··· Records to use

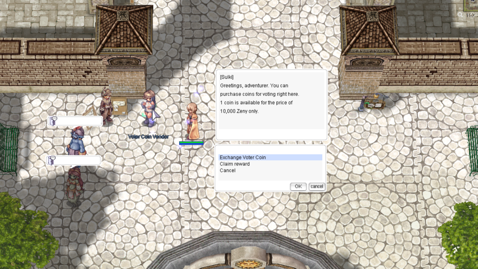 Exchange Voter Coins with the NPC Voter Vender. Players can trade Zeny for Voter Coins at a rate of 10,000 Zeny per 1 Voter Coin.
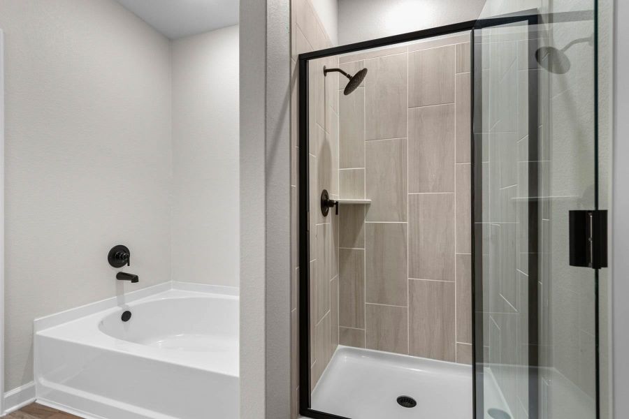 The Alwyn offers three bedrooms, two bathrooms and an impressive selection of upgrades. The open entertaining areas of this home create a comfortable space for entertaining friends and family. The inviting dining room is set off of the kitchen. In the kitchen, a granite-topped island with a breakfast bar provides a beautiful area for serving food or barstool seating. The chef of the family will adore the gorgeous wood cabinets topped with crown molding, the extra-deep undermounted sink, and the full suite of Whirlpool® appliances included in this kitchen at no additional cost! The master bedroom provides a view of the backyard, a spacious attached bathroom with a soaking tub, step in shower and a large walk-in closet.
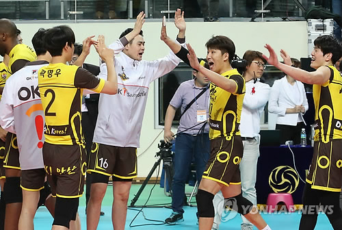 △ '우리가 최강' (서울=연합뉴스) 서명곤 기자 = 12일 오후 서울 중구 장충동 장충체육관에서 열린 '2015 IBK기업은행 한·일 V리그 톱매치' 남자부 OK저축은행과 일본 JT 선더스의 경기에서 세트스코어 3-2로 승리한 OK저축은행 선수들이 기뻐하고 있다. 2015.4.12 seephoto@yna.co.kr
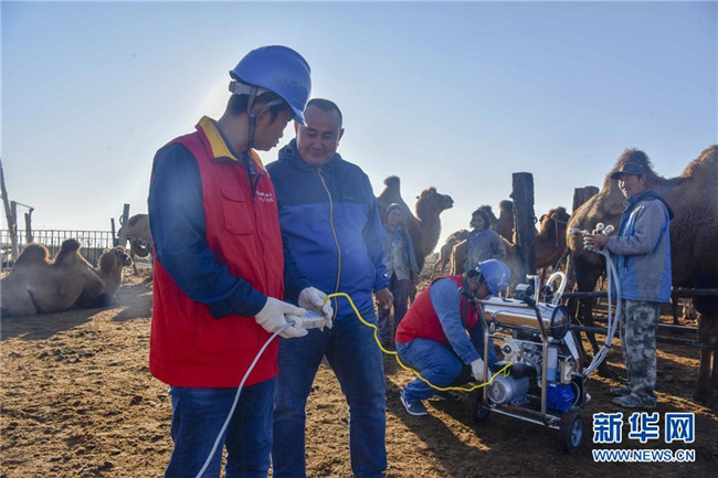 合作社工作人員在駝場里忙碌(9月14日攝)。 新華社記者 趙戈 攝
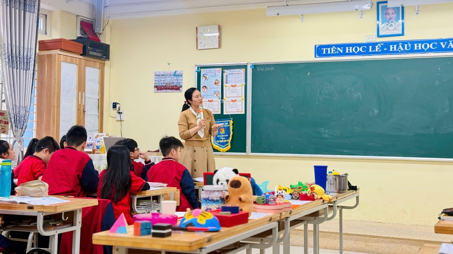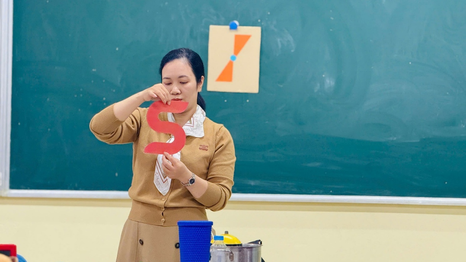 Cách dẫn dắt nhẹ nhàng nhưng chặt chẽ của cô giáo Nguyễn Thu Dung đã tạo nên một không khí học tập tích cực, giúp học sinh tự khám phá kiến thức thay vì tiếp nhận thụ động. Đồng thời, cô khéo léo kết nối bài học với thực tiễn, giúp học sinh nhận ra sự hiện diện của đối xứng trong thiên nhiên, nghệ thuật và cuộc sống.
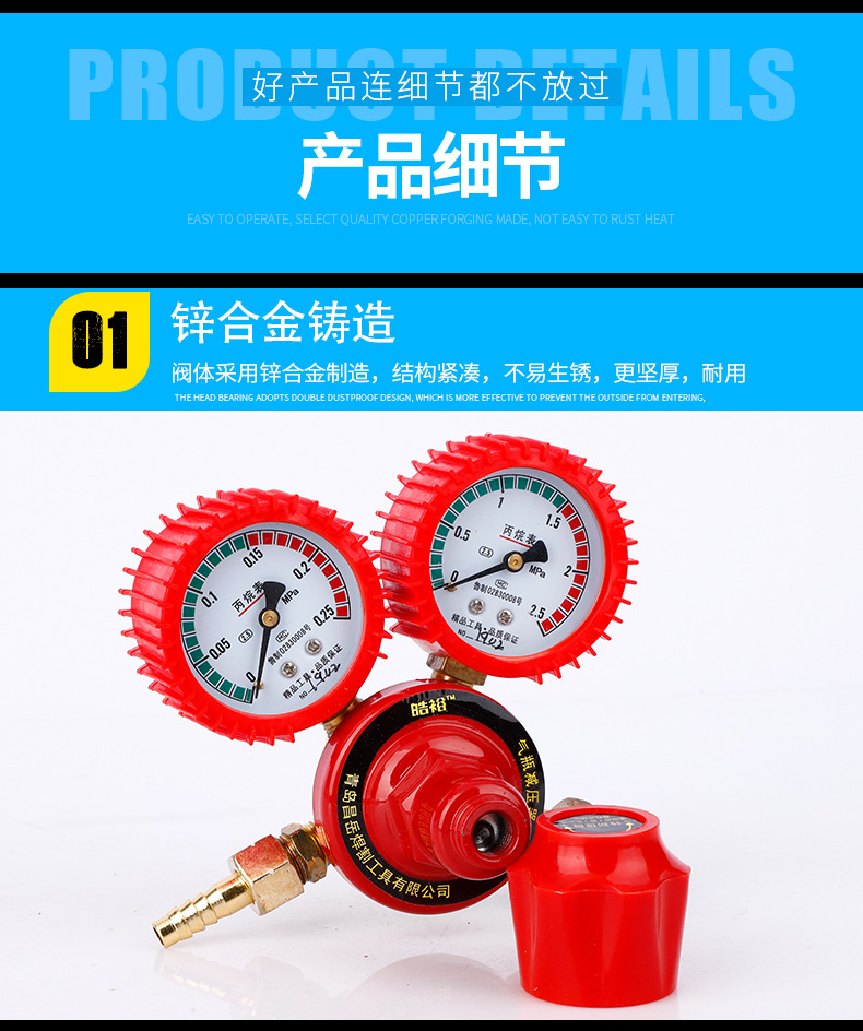 - Key Specs & Performance: Features dual gauges with a primary range of 0-0.25 MPa and a secondary range of 0-2.5 MPa, providing precise pressure regulation for optimal propane flow.
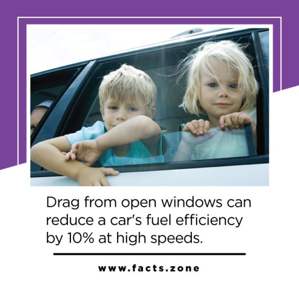 Drag from open windows can reduce a car’s fuel efficiency by 10% at high speeds
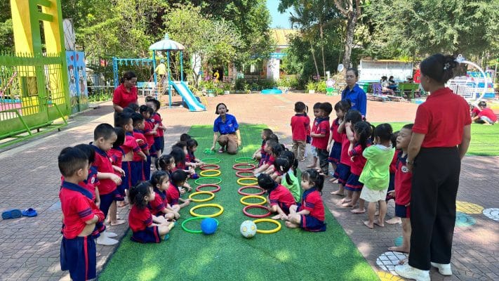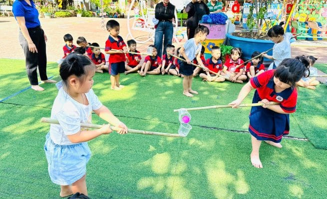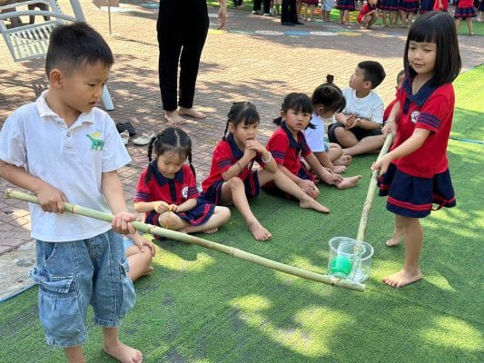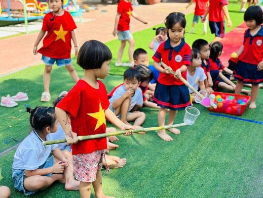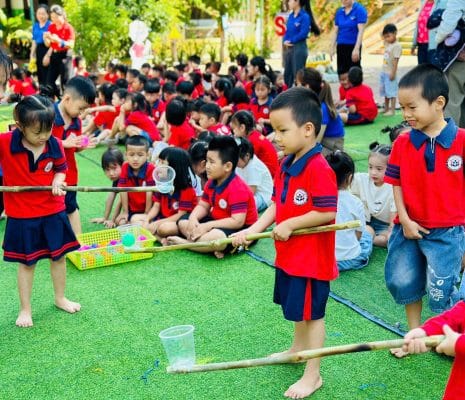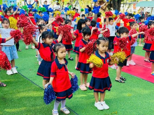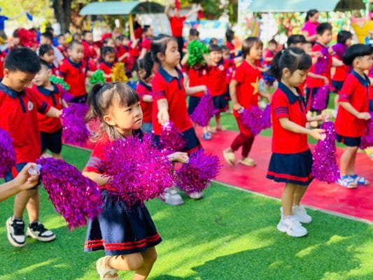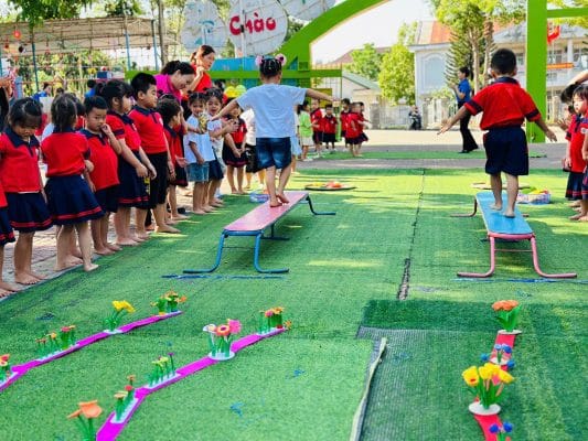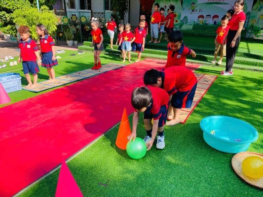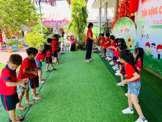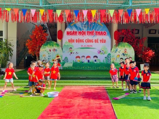 Ngày hội thể thao của các bé góp phần giúp trẻ nâng cao thể chất, phát triển tố chất tự tin, nhanh nhẹn và các kỹ năng phối hợp hoạt động nhóm.

······

What you will do: Repeat, exactly and in full, all records above, but include no pictures.

Exercise answer:
 Exchange Voter Coins with the NPC Voter Vender. Players can trade Zeny for Voter Coins at a rate of 10,000 Zeny per 1 Voter Coin.
 The Alwyn offers three bedrooms, two bathrooms and an impressive selection of upgrades. The open entertaining areas of this home create a comfortable space for entertaining friends and family. The inviting dining room is set off of the kitchen. In the kitchen, a granite-topped island with a breakfast bar provides a beautiful area for serving food or barstool seating. The chef of the family will adore the gorgeous wood cabinets topped with crown molding, the extra-deep undermounted sink, and the full suite of Whirlpool® appliances included in this kitchen at no additional cost! The master bedroom provides a view of the backyard, a spacious attached bathroom with a soaking tub, step in shower and a large walk-in closet.
 △ '우리가 최강' (서울=연합뉴스) 서명곤 기자 = 12일 오후 서울 중구 장충동 장충체육관에서 열린 '2015 IBK기업은행 한·일 V리그 톱매치' 남자부 OK저축은행과 일본 JT 선더스의 경기에서 세트스코어 3-2로 승리한 OK저축은행 선수들이 기뻐하고 있다. 2015.4.12 seephoto@yna.co.kr
 合作社工作人員在駝場里忙碌(9月14日攝)。 新華社記者 趙戈 攝
 Cách dẫn dắt nhẹ nhàng nhưng chặt chẽ của cô giáo Nguyễn Thu Dung đã tạo nên một không khí học tập tích cực, giúp học sinh tự khám phá kiến thức thay vì tiếp nhận thụ động. Đồng thời, cô khéo léo kết nối bài học với thực tiễn, giúp học sinh nhận ra sự hiện diện của đối xứng trong thiên nhiên, nghệ thuật và cuộc sống.
 - Key Specs & Performance: Features dual gauges with a primary range of 0-0.25 MPa and a secondary range of 0-2.5 MPa, providing precise pressure regulation for optimal propane flow.
 Drag from open windows can reduce a car’s fuel efficiency by 10% at high speeds
 Ngày hội thể thao của các bé góp phần giúp trẻ nâng cao thể chất, phát triển tố chất tự tin, nhanh nhẹn và các kỹ năng phối hợp hoạt động nhóm.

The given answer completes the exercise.